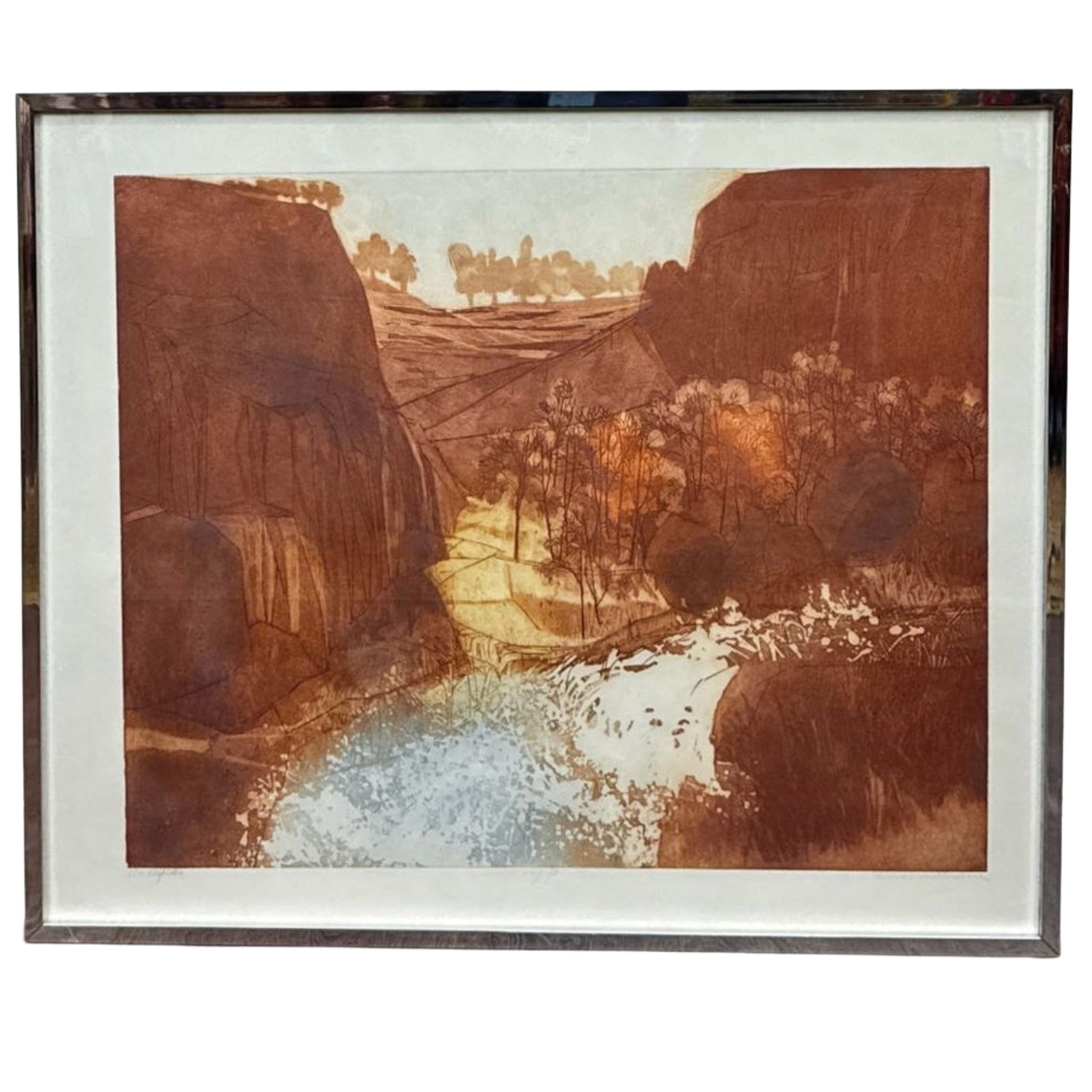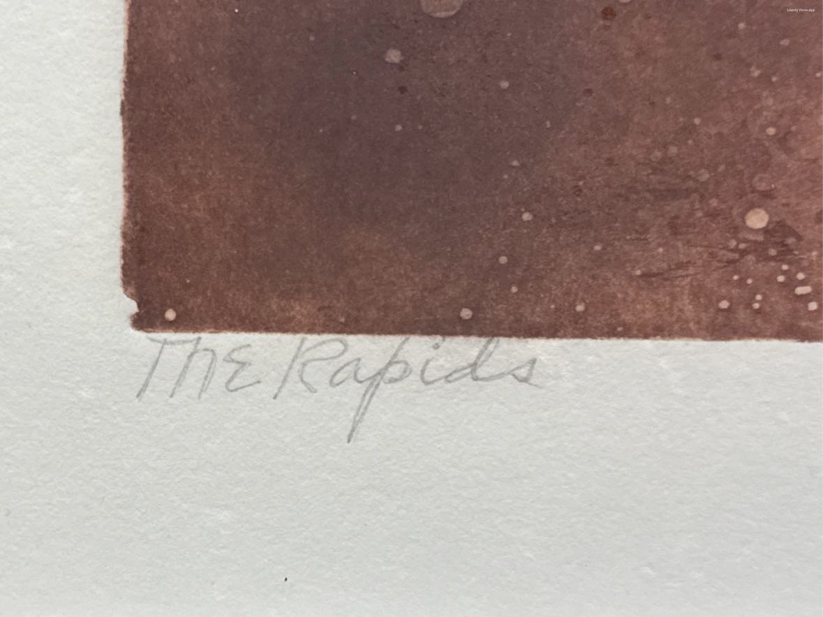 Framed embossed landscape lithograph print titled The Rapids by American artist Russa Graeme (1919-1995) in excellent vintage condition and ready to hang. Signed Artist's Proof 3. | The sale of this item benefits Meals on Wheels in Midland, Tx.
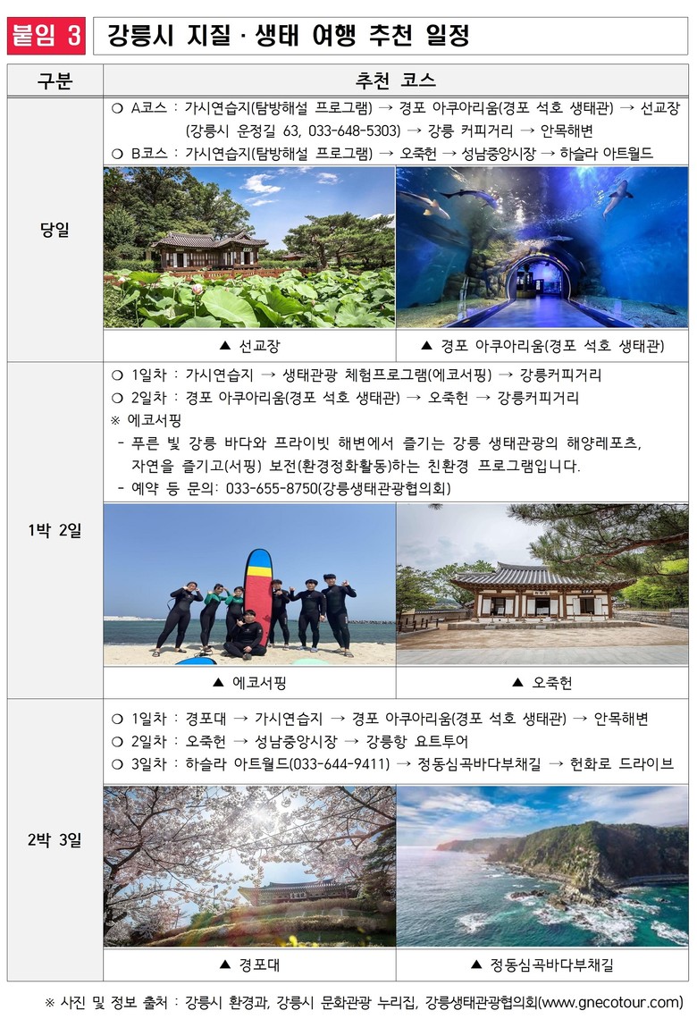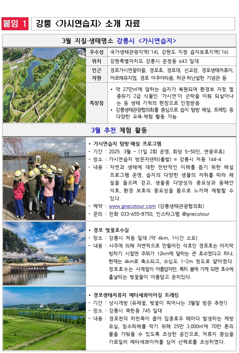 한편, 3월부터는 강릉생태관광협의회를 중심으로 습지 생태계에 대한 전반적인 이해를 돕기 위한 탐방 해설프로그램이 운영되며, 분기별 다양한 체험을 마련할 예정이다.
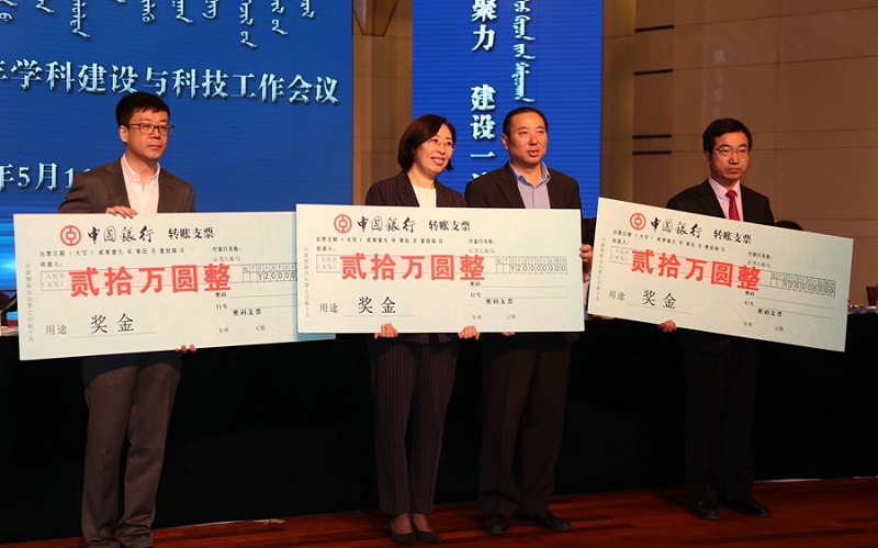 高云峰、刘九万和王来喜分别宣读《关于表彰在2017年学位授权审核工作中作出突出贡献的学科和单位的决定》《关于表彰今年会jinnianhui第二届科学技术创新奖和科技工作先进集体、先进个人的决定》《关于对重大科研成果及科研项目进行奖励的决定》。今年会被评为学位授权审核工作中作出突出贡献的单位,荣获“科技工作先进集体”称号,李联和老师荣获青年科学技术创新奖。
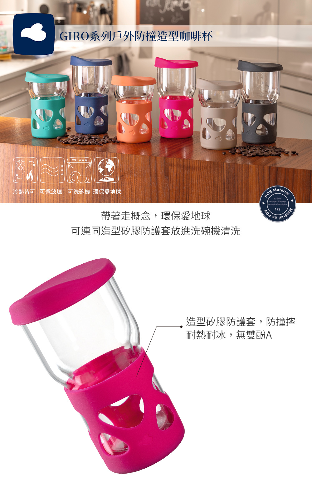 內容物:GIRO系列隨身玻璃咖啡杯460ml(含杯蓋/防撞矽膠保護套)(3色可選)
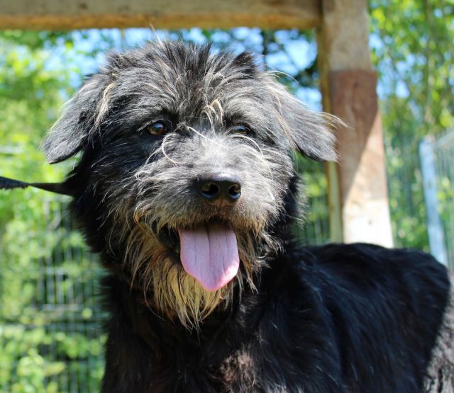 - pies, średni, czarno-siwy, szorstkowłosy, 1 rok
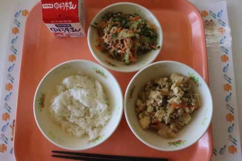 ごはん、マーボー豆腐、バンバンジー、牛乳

════════

- **DESCRIPTION OF THE TASK**
In the copy you return, include exactly the lines from the one containing "高云峰、刘九万和王来喜分别宣" through the final line of the listing, and no pictures.

- **RESPONSE**
 高云峰、刘九万和王来喜分别宣读《关于表彰在2017年学位授权审核工作中作出突出贡献的学科和单位的决定》《关于表彰今年会jinnianhui第二届科学技术创新奖和科技工作先进集体、先进个人的决定》《关于对重大科研成果及科研项目进行奖励的决定》。今年会被评为学位授权审核工作中作出突出贡献的单位,荣获“科技工作先进集体”称号,李联和老师荣获青年科学技术创新奖。
 內容物:GIRO系列隨身玻璃咖啡杯460ml(含杯蓋/防撞矽膠保護套)(3色可選)
 - pies, średni, czarno-siwy, szorstkowłosy, 1 rok
 ごはん、マーボー豆腐、バンバンジー、牛乳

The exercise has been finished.